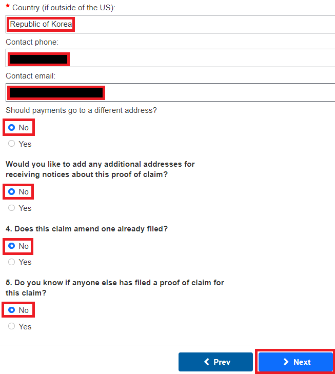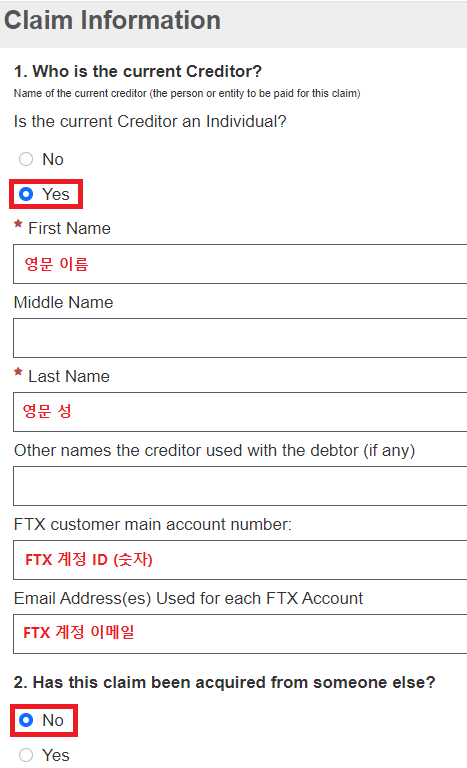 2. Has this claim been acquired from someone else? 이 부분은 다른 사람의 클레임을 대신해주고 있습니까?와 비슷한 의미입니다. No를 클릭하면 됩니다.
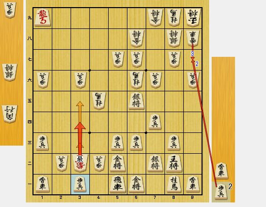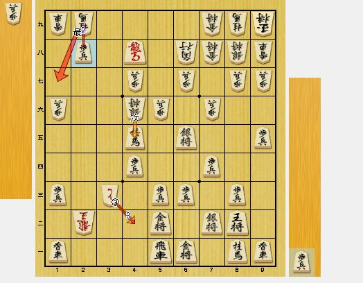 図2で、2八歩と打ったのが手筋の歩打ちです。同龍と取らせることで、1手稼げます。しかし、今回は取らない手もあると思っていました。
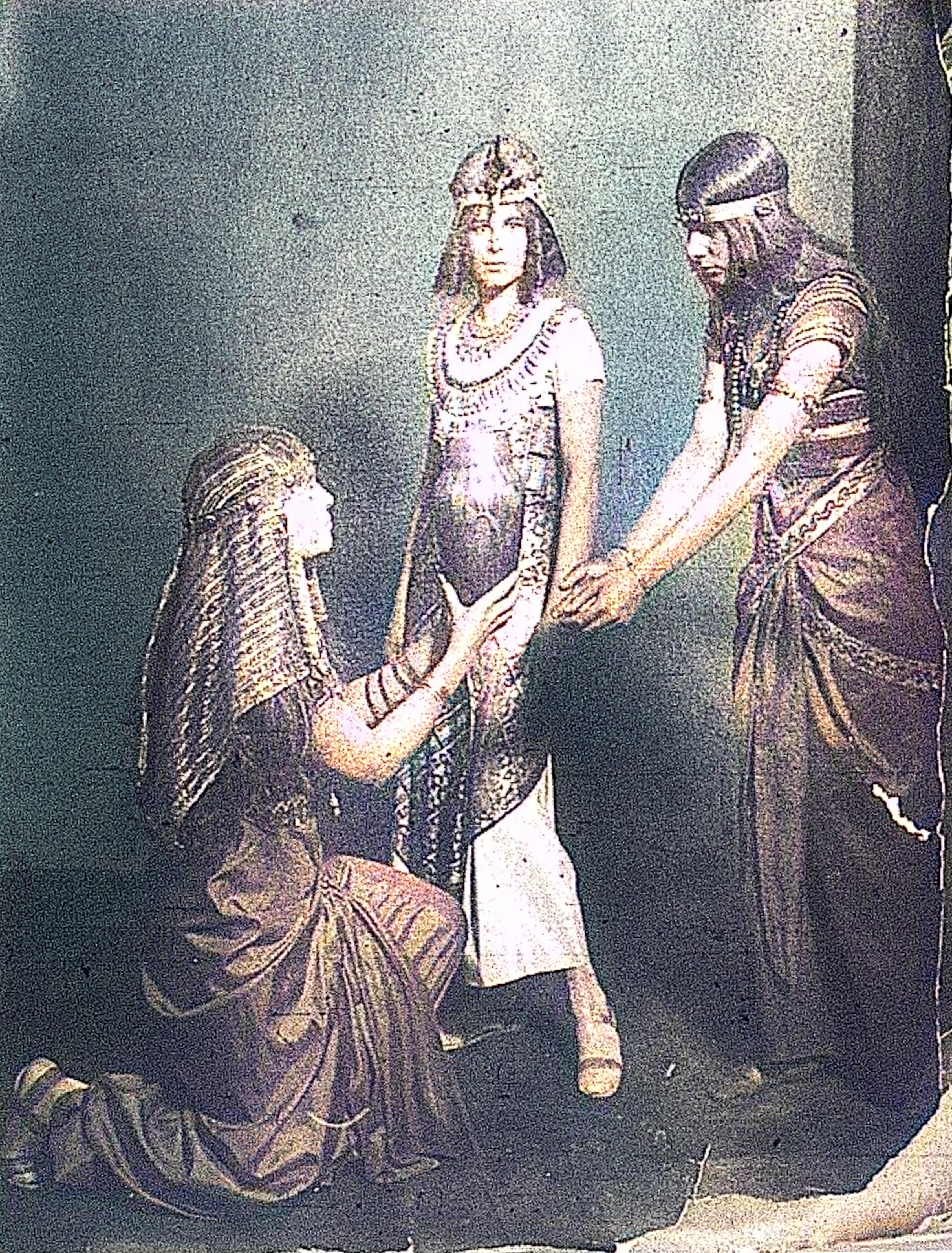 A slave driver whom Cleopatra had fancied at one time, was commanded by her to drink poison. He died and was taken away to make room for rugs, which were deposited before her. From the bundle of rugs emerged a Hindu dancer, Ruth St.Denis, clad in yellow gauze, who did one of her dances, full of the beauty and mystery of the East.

◆ Task to complete
Leave the pictures out and output exactly the lines above, from the start of the listing through the line with "図2で、2八歩と打ったのが手".

◆ Task response
 2. Has this claim been acquired from someone else? 이 부분은 다른 사람의 클레임을 대신해주고 있습니까?와 비슷한 의미입니다. No를 클릭하면 됩니다.
 図2で、2八歩と打ったのが手筋の歩打ちです。同龍と取らせることで、1手稼げます。しかし、今回は取らない手もあると思っていました。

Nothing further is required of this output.